►

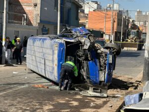Como se sabe, el choque y despiste de la unidad dejó a una cobradora fallecida y 27 pasajeros heridos. El accidente ocurrió esta mañana en la Av. Perú, a pocos metros del óvalo de La Apacheta, en el distrito de José Luis Bustamante y Rivero.
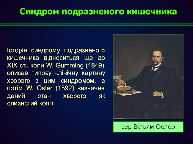 з цим синдромом, а потім W. Osler (1892) визначив даний стан хворого як слизистий коліт.
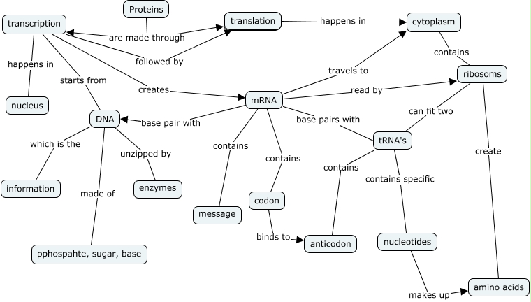 This Concept Map, created with IHMC CmapTools, has information related to: Protein synthesis, mRNA base pair with DNA, DNA which is the information, nucleotides makes up amino acids, DNA made of pphospahte, sugar, base, translation happens in cytoplasm, tRNA's contains anticodon, cytoplasm contains ribosoms, tRNA's contains specific nucleotides, Proteins are made through transcription, Proteins are made through translation, transcription starts from DNA, transcription creates mRNA, ribosoms create amino acids, mRNA contains message, transcription happens in nucleus, ribosoms can fit two tRNA's, transcription followed by translation, DNA unzipped by enzymes, mRNA contains codon, codon binds to anticodon
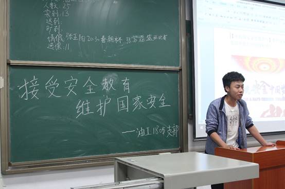 本次班会旨在让大家了解国家安全并学习如何维护国家安全,让大家对法律有一定的了解,避免因为不了解《国家安全法》而做出有损国家安全的事情。国家安全无小事,我们须得事事注意,时刻保持清醒的头脑,让间谍分子等不法之人无机可乘。维护国家安全,确保国家利益,维护民族尊严。油院学子义不容辞!

◄

*WORK ITEM*. Transcribe all of the listing precisely. The images stay out of it.

*TASK RESPONSE*.
Como se sabe, el choque y despiste de la unidad dejó a una cobradora fallecida y 27 pasajeros heridos. El accidente ocurrió esta mañana en la Av. Perú, a pocos metros del óvalo de La Apacheta, en el distrito de José Luis Bustamante y Rivero.
 з цим синдромом, а потім W. Osler (1892) визначив даний стан хворого як слизистий коліт.
 This Concept Map, created with IHMC CmapTools, has information related to: Protein synthesis, mRNA base pair with DNA, DNA which is the information, nucleotides makes up amino acids, DNA made of pphospahte, sugar, base, translation happens in cytoplasm, tRNA's contains anticodon, cytoplasm contains ribosoms, tRNA's contains specific nucleotides, Proteins are made through transcription, Proteins are made through translation, transcription starts from DNA, transcription creates mRNA, ribosoms create amino acids, mRNA contains message, transcription happens in nucleus, ribosoms can fit two tRNA's, transcription followed by translation, DNA unzipped by enzymes, mRNA contains codon, codon binds to anticodon
 本次班会旨在让大家了解国家安全并学习如何维护国家安全,让大家对法律有一定的了解,避免因为不了解《国家安全法》而做出有损国家安全的事情。国家安全无小事,我们须得事事注意,时刻保持清醒的头脑,让间谍分子等不法之人无机可乘。维护国家安全,确保国家利益,维护民族尊严。油院学子义不容辞!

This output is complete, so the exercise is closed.